Within the last years, data science has been established as its own important emergent scientific field. Data science is defined as a “concept to unify statistics, data analysis, machine learning, and their related methods” to “understand and analyze actual phenomena with data” [1]. As such, data science comprises more than pure statistical data analytics, but the interdisciplinary integration of techniques from mathematics, statistics, computer science, and information science [2]. Data science also involves the consideration of domain knowledge for the analysis and the interpretation of the data and the results [3].

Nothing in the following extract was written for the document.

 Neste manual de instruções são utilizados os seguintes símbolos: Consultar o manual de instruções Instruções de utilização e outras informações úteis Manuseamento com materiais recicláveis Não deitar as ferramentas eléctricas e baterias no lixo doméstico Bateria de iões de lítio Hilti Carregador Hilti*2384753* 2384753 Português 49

Data visualization research is largely driven by current use cases that users have to face when working with data. The problems and tasks that need to be solved by data scientists are, naturally, a precious source for further developments in data visualization research. On the other hand, data scientists already use data visualizations to visualize data on a daily basis. It is, therefore, worthwhile to think about how the well-established methods for visual analysis fit into the existing workflows of data scientists [4]. According to recent findings from interviews with people working with data [5], data scientists’ tasks usually follow a very similar workflow path, and along this path, different stages can be identified. Every stage poses different challenges for data handling. For example, at the beginning of the workflow, data wrangling is considered to be an essential and tedious part of the workflow. Data wrangling comprises, among others, data parsing, cleaning, and merging. Data visualization techniques can help to quickly identify data flaws like missing data, anomalies like duplicates or outliers, and other inconsistencies in this stage. As a next step, data scientists have to understand the data at hand and evaluate its usefulness for modeling. Here, data visualization can help understand the structure of the data, detect correlations and clusters, and select data parts suitable for modeling.

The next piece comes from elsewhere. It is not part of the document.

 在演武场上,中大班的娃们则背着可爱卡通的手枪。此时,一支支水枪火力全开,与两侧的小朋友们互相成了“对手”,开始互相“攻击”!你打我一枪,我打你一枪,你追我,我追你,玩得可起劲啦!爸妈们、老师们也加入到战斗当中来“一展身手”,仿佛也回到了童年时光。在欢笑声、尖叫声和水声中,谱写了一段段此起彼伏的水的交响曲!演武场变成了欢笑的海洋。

The rise in data science currently very strongly fuels data visualization techniques by users from very diverse domains. This has now led to many new data visualization tools and libraries being developed. Many of these libraries are open-source and are embedded into programming environments like Python, R, and JavaScript. Prominent examples for such libraries are, for example, Matplotlib (Python), ggplot2 (R), and D3 (JavaScript). Open source technologies are a great advantage since data scientists can rely on a large community that can provide them with advice and support, and access to a wide range of libraries and plugins. Especially for Python, there are libraries for high-performance computing, numerical calculations, regression modeling, and visualization, which are regularly extended and maintained. On the other hand, feature-rich, standalone visual analysis applications have been increasingly established within the last years. These applications, such as Tableau, Microsoft Power BI and Qlik, provide easy access to data visualization and visual data exploration for users unfamiliar with programming scripting, data wrangling, and/or data visualization design. Standalone applications are usually commercial, since a lot of maintenance and continous development has to happen in the background. As many of these applications are available, data visualization and visual analysis are more widely known and used today in many different domains and are used and applied by many users and domain experts.

This chapter aims to provide a concise overview of existing data visualization techniques for data science and how they fit into the different stages of the data science workflow. Several studies that focused on categorizing and evaluating the different libraries and applications for data visualization currently used in data science will be outlined to create a better picture of which libraries should be used for which type of tasks. Unfortunately, there is still a gap between current research in data visualization and the features and techniques actually provided by libraries and applications. We would, therefore, like to foster the usage of data visualization in data science to bring both communities closer together.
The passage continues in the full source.